The Battle of Internal Voices

jeremy-bishop-295499-unsplash (1)I am turning 40 in a couple weeks, and as I approach this milestone I have been feeling a crisis of sorts. Many of the dreams I’ve had for my life up to this point have, for the most part been accomplished. When I was young I knew I wanted to get married to a man who loved me, and that I wanted to become a Mom. I imagined us living in a home, enjoying a simple, yet contented life. Well, I am married to a loving husband, and I am a Mother to two sons. I love them from the depths of my being, and I know beyond a shadow of doubt that I am deeply loved. We live in a home that provides for our needs. I live a great life. Truly I do. But deep within me I cannot say that I am content, and that discontentment brings me great uneasiness and subsequent shame.

When I first felt a hint of discontentment, a simple thought entered my mind, “I have everything I ever wanted, so why am I not happy?” Before that question had any room for consideration, any space to roll around, a second question took over, “therefore, what is wrong with me?”

The first question of “why am I not happy” is a useful one, but where I found myself dwelling is on the second one, “therefore, what is wrong with me?” Do you see the subtle yet powerful difference between the two?

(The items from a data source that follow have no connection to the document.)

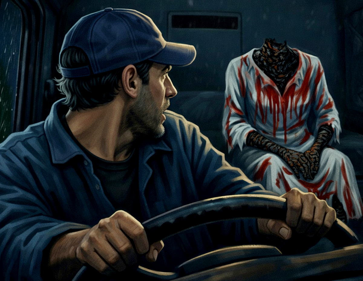 “Selepas kejadian itu, saya demam selama satu minggu kerana terbayang-bayang lembaga menyeramkan yang tumpang bertenggek di ruang rehat belakang lori saya,” katanya.
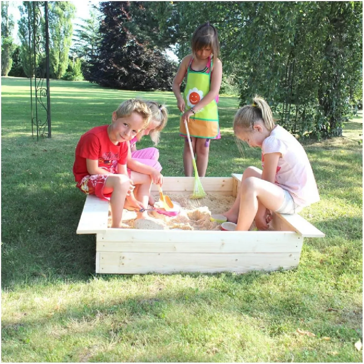Fabricado en pino macizo procedente de bosques gestionados de forma responsable, el arenero de madera es un producto ecológico que cumple con las normas de seguridad vigentes. Es recomendable teñir la madera en bruto para mejorar su resistencia a la intemperie. También puedes pintarlo en el color favorito de tus hijos.
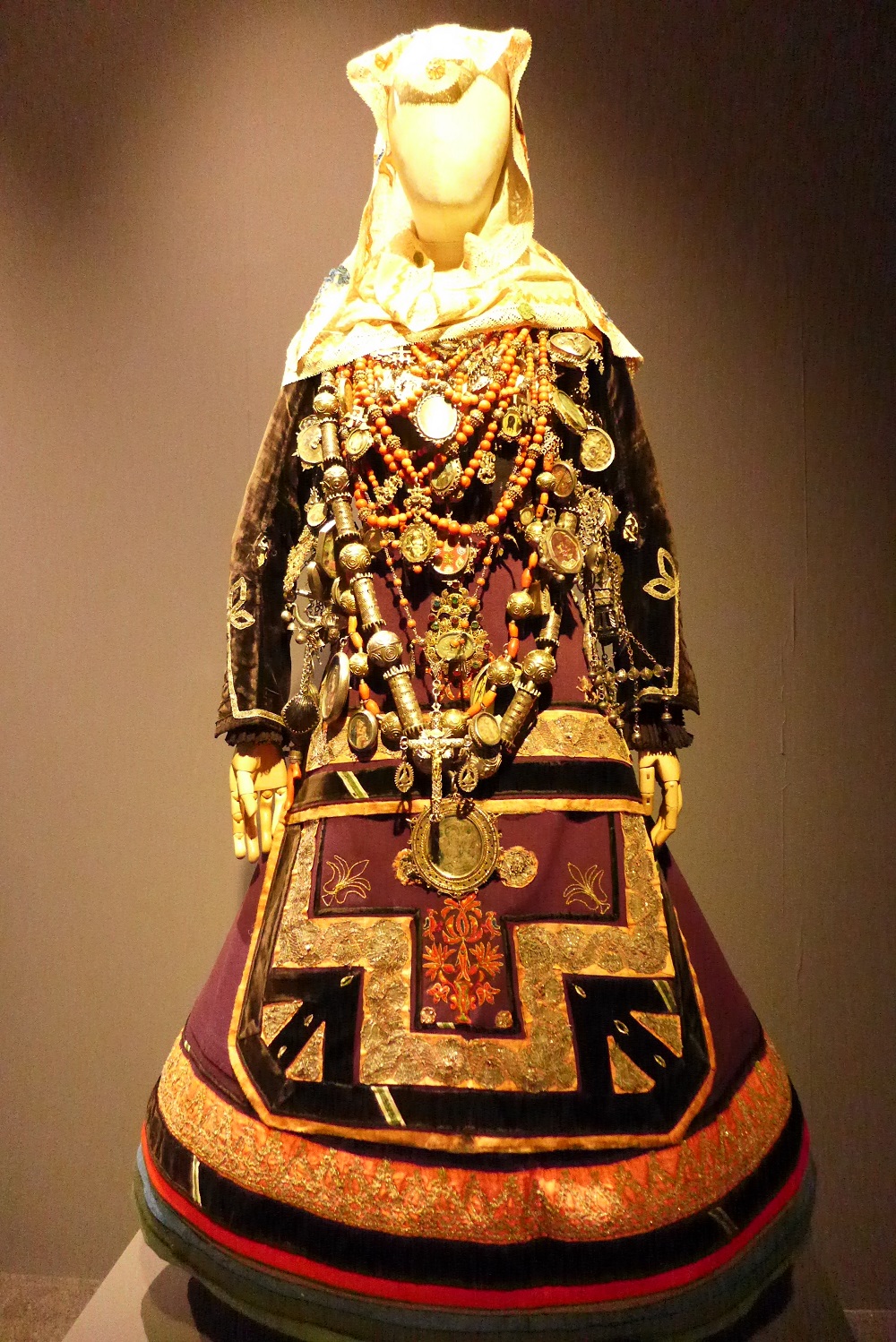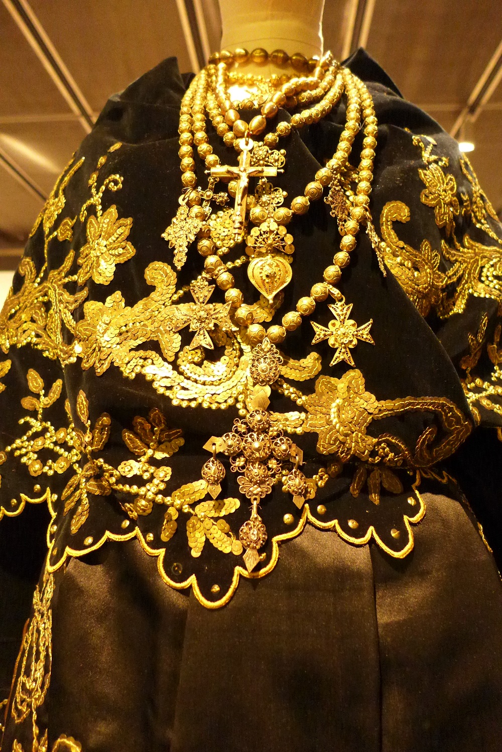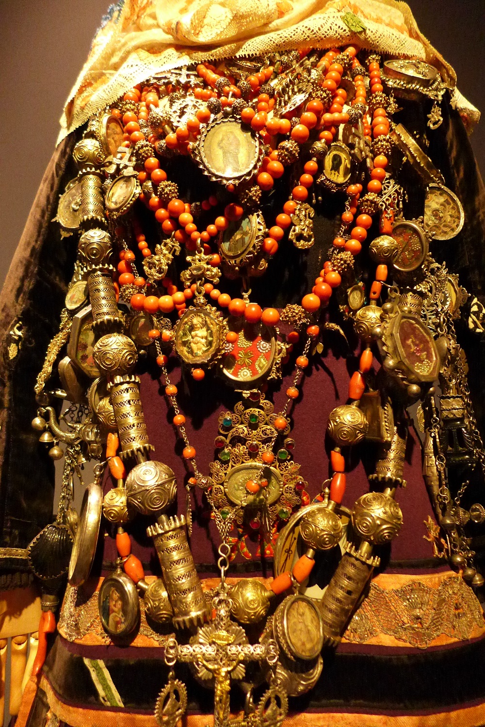 Свадебный костюм. Провинция Salamanca. Такое количество украшений (реликарии, обереги, кресты) - демонстрация богатства и статуса семьи. Иногда вес может достигать 10 кг.
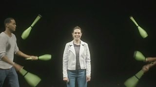 Keep still! Presenter Lindsey Chapman gets a juggling lesson from the professionals.
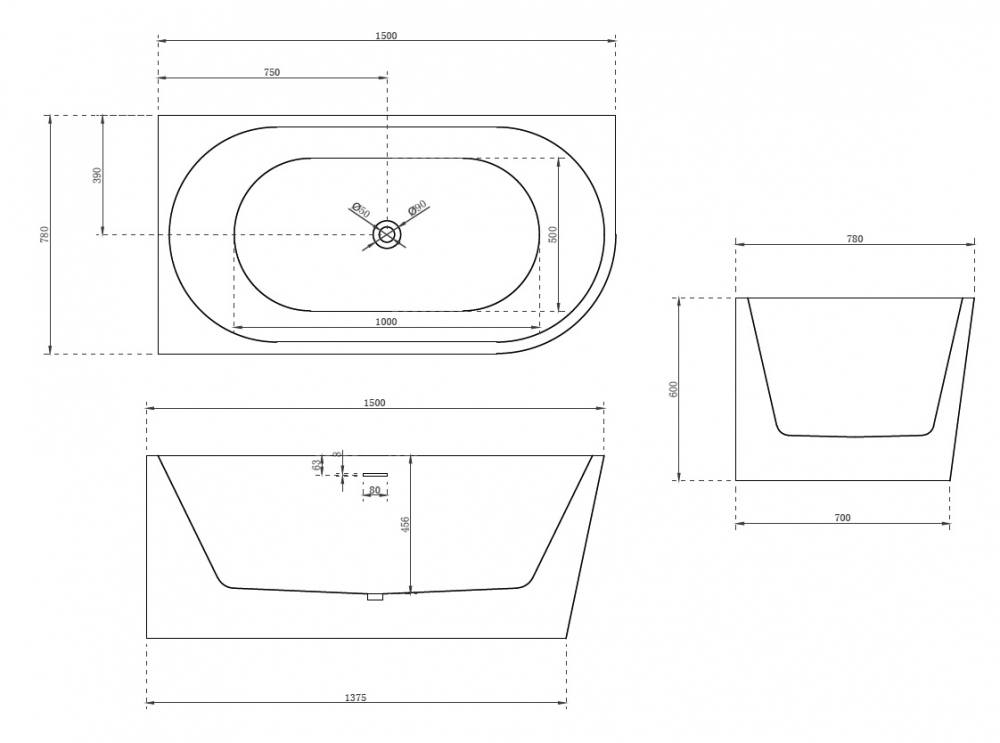 - Ванна акриловая встраиваемая/приставная
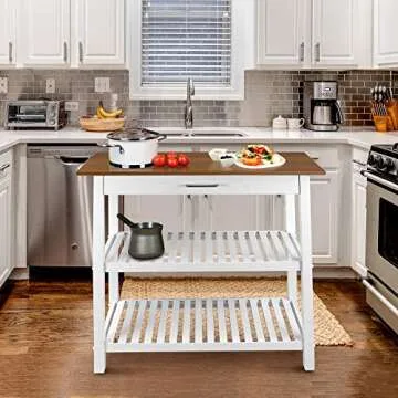 Casual HOME Kitchen Island with Solid American Top, White & Cherry Natural
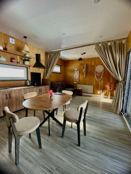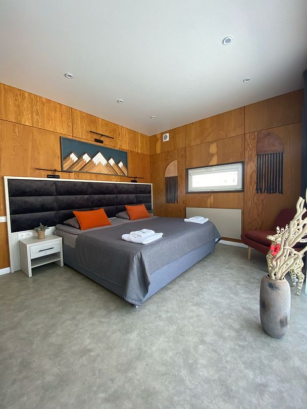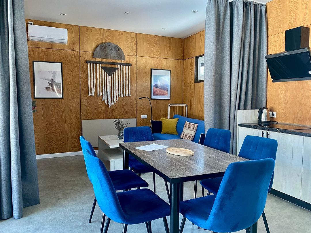 В коттеджах вместимостью до 6 человек создана уютная, расслабляющая обстановка со множеством удобств: 3 отдельные спальные зоны, кухня, оснащённая бытовой техникой, необходимой для приготовления еды, современный санузел с душем.
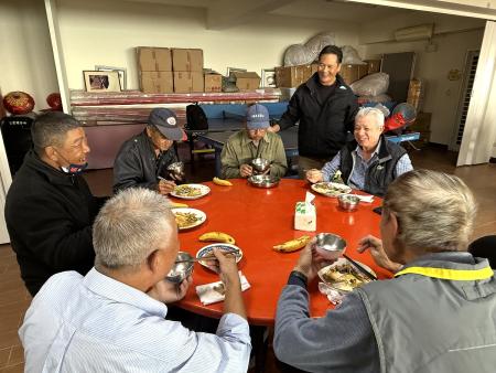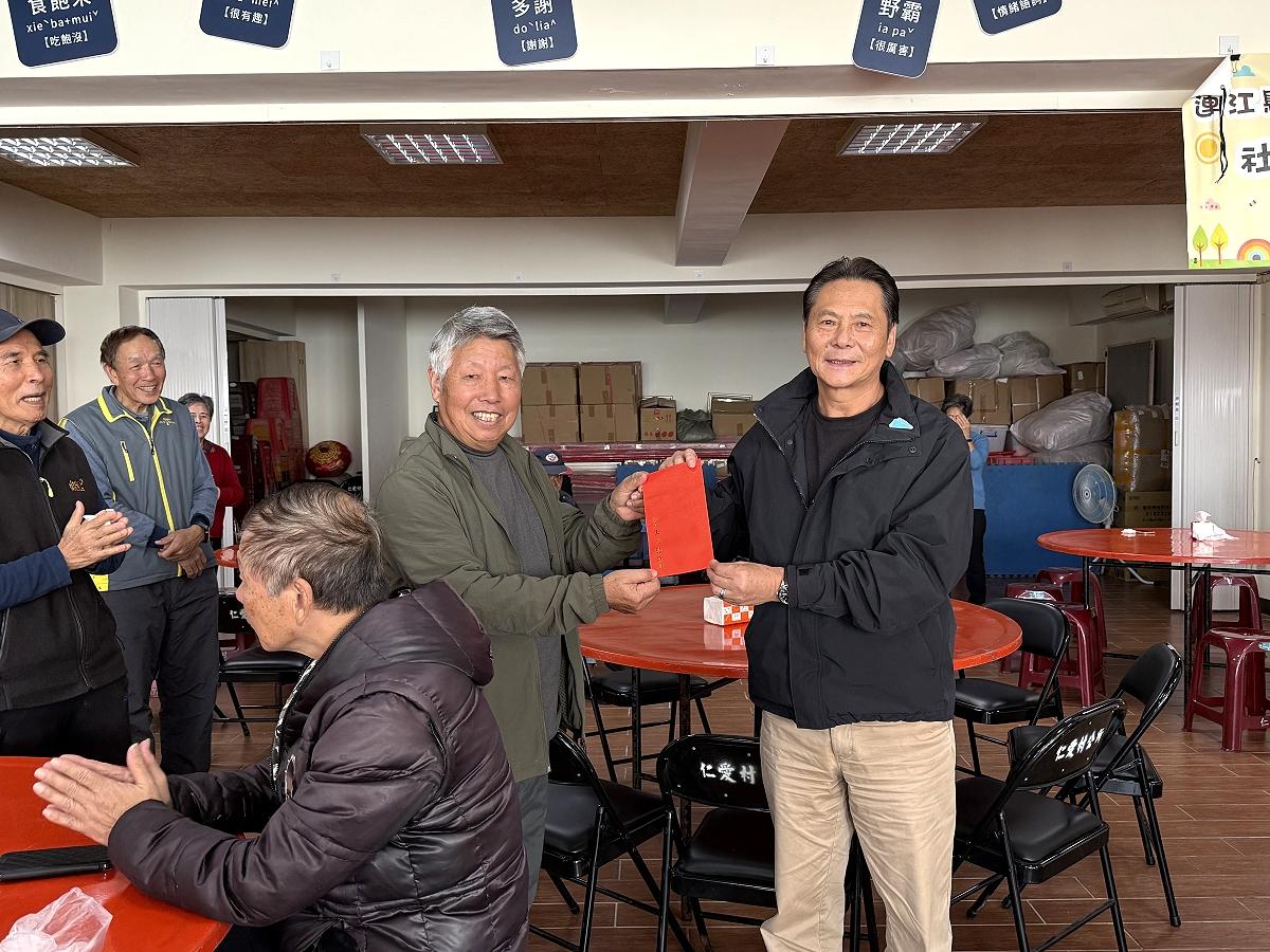 王忠銘首先致贈鐵板社協加菜金,表達對社協的支持與鼓勵。他表示,身為鐵板鄉親,在座各位都是熟識多年的好鄰居,此行旨在歲末之際深入社區,讓大家感受到溫暖,並歡迎有需要的鄉親提出訴求。用餐期間,他親切關心大家的健康與生活起居,並穿插幽默話語,逗得鄉親們笑聲連連,氣氛輕鬆愉快。
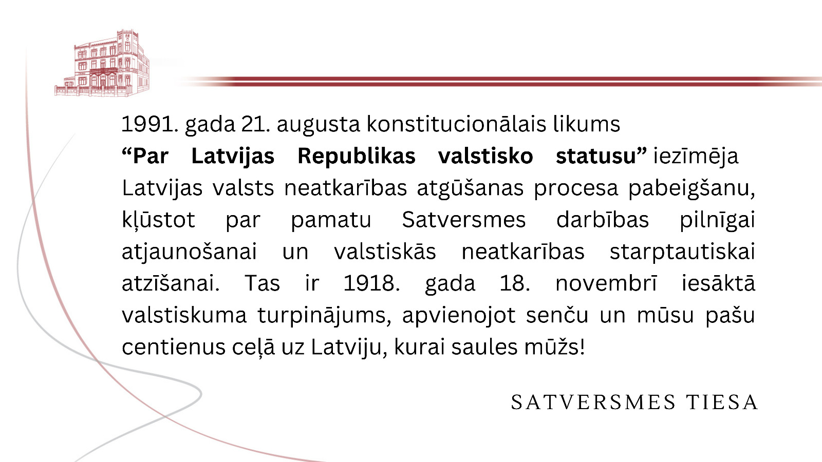 Satversmes tiesa sveic konstitucionālā likuma “Par Latvijas Republikas valstisko statusu” pieņemšanas dienā!
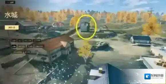 城中有湖水波清秀,湖中有城风光旖旎。水城也是一处官方地图没有标注的地域,为图一中红色圈内的区域。水城是全图中唯一一处水陆交融的小城,是考验玩家战略部署灵活多变的最强地域。在这里会刷新水陆两用步枪(水陆两用武器刷新点为靠水的地域,普通地域不会刷新),需要玩家依据当前形势选择武器。上图黄圈内房屋可观察四面敌方动向,具有高点优势,且周围地势凹凸,方便撤离。
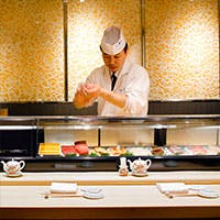 確かな目利きで厳選した築地直送の極上海の幸を使用。鮮度を落とさず最低限の手数でにぎる技はまさに匠の領域。素材の旨さをさらに引き出すためにひと手間加えた江戸前寿司 また、四季を映す和食の逸品も魅力のひとつで多彩に揃えております。
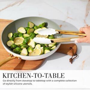 Our non-scratch, BPA-free, silicone white and gold utensils are tough on tasks but gentle on your non-stick cookware. Resistant to extreme temperatures, these gold and white kitchen utensils come with a matching gold utensil holder that not only organizes but elevates your countertop.
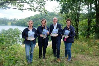 Die Geschäftsstelle der Natur- und Geopark Vulkaneifel GmbH; v.l.n.r.: Julia Franzen, Aufsichtsratsvorsitzende Landrätin Julia Gieseking, Geschäftsführer Dr. Andreas Schüller, Martina Müller geben das neue Vulkaneifel Magazin zur Veröffentlichung frei

If I were to take a look at why I am not happy, I may conclude that I have experienced a lot of losses in friendship over the past few years, and that I am grieving those losses. I may also see that as my kids are growing up, and will no longer be attending the neighborhood school, that my role with them, within the school, and our community will be shifting, leaving a void. I may also listen to the counsel of my doctor who suggested I work out at least 5 days a week, which would honor my body, and could hold the added benefit of meeting new people, therefore filling said void. But if I’m honest, instead of thinking proactively about what may be leading to my unhappiness and then doing something about it, I find myself lingering on that secondary thought of “what is wrong with me”.

Notice that there is a huge unnecessary leap from one thought to the next, which does extraordinary damage and results in inaction. The initial question of why am I not happy has a healthy disconnect from me as a person. It allows me to step back, take a look at what may be going on inside of me, make some shifts and changes, and move on. But that second thought of “what is wrong with me” says something about who I am; it says that there is something intrinsically wrong with me, that I am foolish, selfish, picky, ungrateful and seriously flawed. The resulting implications of such a thought are feelings of hopelessness, shame, self-pity, self-doubt, and an inability to move. This is often where I get stuck. It’s like my feet become forged in quicksand, and those shame-inducing thoughts threaten to pull me under.

A tool that I am finding useful in navigating this inner battle is to stop and take a look at what is true and not true.  As an example, in my case what is true is that I am not happy. What is not true is that this means there is something wrong with me. What is true is that there is clearly something missing in my life, what is not true is that this makes me selfish, ungrateful or flawed. When inner messages attack my character, I often find I am being held to a standard which is beyond human capacity. To be human is to be powerful, brave, imperfect and in-progress. I don’t know all the answers, but I possess within me everything I need to figure out at least the next step. I will make mistakes, but I have within me the power to learn from them.

After allowing space for what is true and letting go of what is untrue, I find grace for myself, and permission to be right where I am, beyond debilitating fear, shame or remorse.  From this empowering place, I am learning to ask “what do I want?” and “what do I need?”  I find these questions lead me to open rather than confining spaces, where curiosity is welcome and possibilities unearthed.  Figuring out what you want and need may be harder than you think. Sometimes the best place to begin is with what you know you do not want and what you do not need. The opposite of what you do not want may just be what it is you truly want.

I am growing in my ability to discern the battles that wage inside me. I am finding that as I am able to identify the messages I’m hearing, sifting through them for truths and untruths, that I am able to navigate my way through to the other side, where I learn about who I am and what I want, the power I possess within me, and where to place my next footstep in order to keep moving, rather than remaining held in place by lies which deceive and hold me captive.

We will all encounter this internal battle in different ways throughout our daily lives. If you find yourself in such a battle, here are some questions for you to ponder…

Where do you find yourself right now in battle with internal voices?
What messages do you hear?
What impact do those messages have on you?
What is one thing you could do right now to gain traction in moving forward?